After posting five consecutive annual declines from 2004 to 2009, the value of exports of motor vehicles and parts started to trend upward again. Exports increased 14.9% in 2012 to $68.5 billion, bringing cumulative exports growth from 2009 to 2012 to 54.9% (Chart 12). Despite these recent gains, exports are below their 2004 high of $91.5 billion and their pre-recession level of $77.6 billion recorded in 2007.

Imports of motor vehicle and parts have also followed an upward trend in the post-recession period. Imports increased 11.7% to $82.8 billion in 2012 and from 2009 to 2012, imports have posted a cumulative increase of 42.4%. Despite growth in exports outpacing growth in imports for the last three years, Canada’s automotive sector recorded a trade deficit for the sixth consecutive year in 2012, at $14.3 billion.

Recent growth in exports and imports of motor vehicles and parts was volume-driven. When expressed in constant dollars, cumulative exports gains from 2009 to 2012 was 66.2%, while cumulative imports gains for the same period was 48.1% (Chart 13).

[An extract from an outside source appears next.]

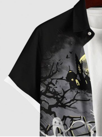 T-shirt Imprimé Castille dans la Lune et Citrouille D'Halloween Grande Taille avec Boutons - Noir - Noir
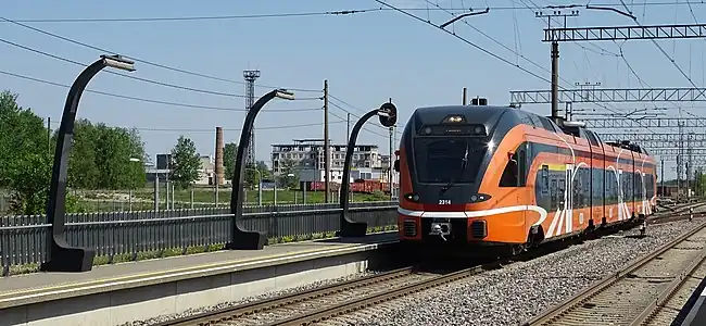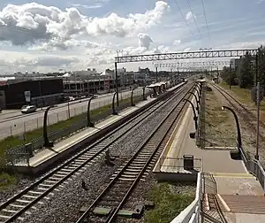 Ülemiste railway station (Estonian: Ülemiste raudteejaam) is a railway station in the Ülemiste sub-district of Tallinn, the capital city of Estonia. It is located approximately 500 metres from Tallinn Airport,[2] to which it has been connected by a tramline since 2017.[3]

Manufacturing sales in the automotive industries have partially recovered from large declines during the 2008-2009 recession. Automotive producers have posted three consecutive years of annual sales growth, with current dollar sales advancing 55% from 2009 to 2012. However, industry sales in 2012 remained below the pre-recession peak. Increases in sales were volume driven, as industrial product prices for motor vehicle manufacturers have trended downward, continuing a trend that began in 2002. Exports and imports have also advanced in recent years with 2012 marking the third consecutive year of positive growth.

Recent sales and exports growth have not been accompanied by substantial job growth or capital spending growth. Automotive industries employed, in 2012, 25% less people than in 2007, and 33% less people than in 2000. Growth in real output from 2009 to 2012 outpaced growth in hours worked, as labour productivity increased 23%. Capital spending by automotive industries has not advanced from declines during the recession, and in 2012 remained about 62% below 2007 levels.


Roy, F., and C. Kimanyi. 2007.  "Canada's Changing Auto Industry" Canadian Economic Observer May: 3.1-3.11. Statistics Canada Catalogue no. 11-010-X.

Cross, P., and Z. Ghanem. 2008. "Tracking value-added trade: Examining global inputs to exports" Canadian Economic Observer February: 3.1-3.12. Statistics Canada Catalogue no. 11-010-X.

Dunlavy, J. P. 2008. New Motor Vehicle Sales: 2007 in Review. Analysis in Brief, no. 069. Statistics Canada Catalogue no. 11-621-M. Ottawa: Statistics Canada.

Desrosiers Automotive Consultants Inc. 2012. Desrosiers Automotive Yearbook, 2012 Edition. Desrosiers Automotive Consultants.

TD Economics. 2013. Canada auto manufacturing: running again, but how much fuel is left in the tank? TD Economics.


  1. The author would like to thank Russell Kowaluk from Manufacturing and Energy Division at Statistics Canada for his helpful assistance.
  2. From 2009 to 2011, the number of new motor vehicles sold increased by 9.4% in Canada, by 23.1% in the United States and by 20.0% in Mexico (Desrosiers Automotive Consultants Inc. 2012).
  3. The times series presented in this article are based on historical data availability.
  4. From 2009 to 2012, manufacturing sales grew 59.7% in motor vehicle manufacturing, 45.9% in motor vehicle parts manufacturing and 42.3% in motor vehicle body and trailer manufacturing.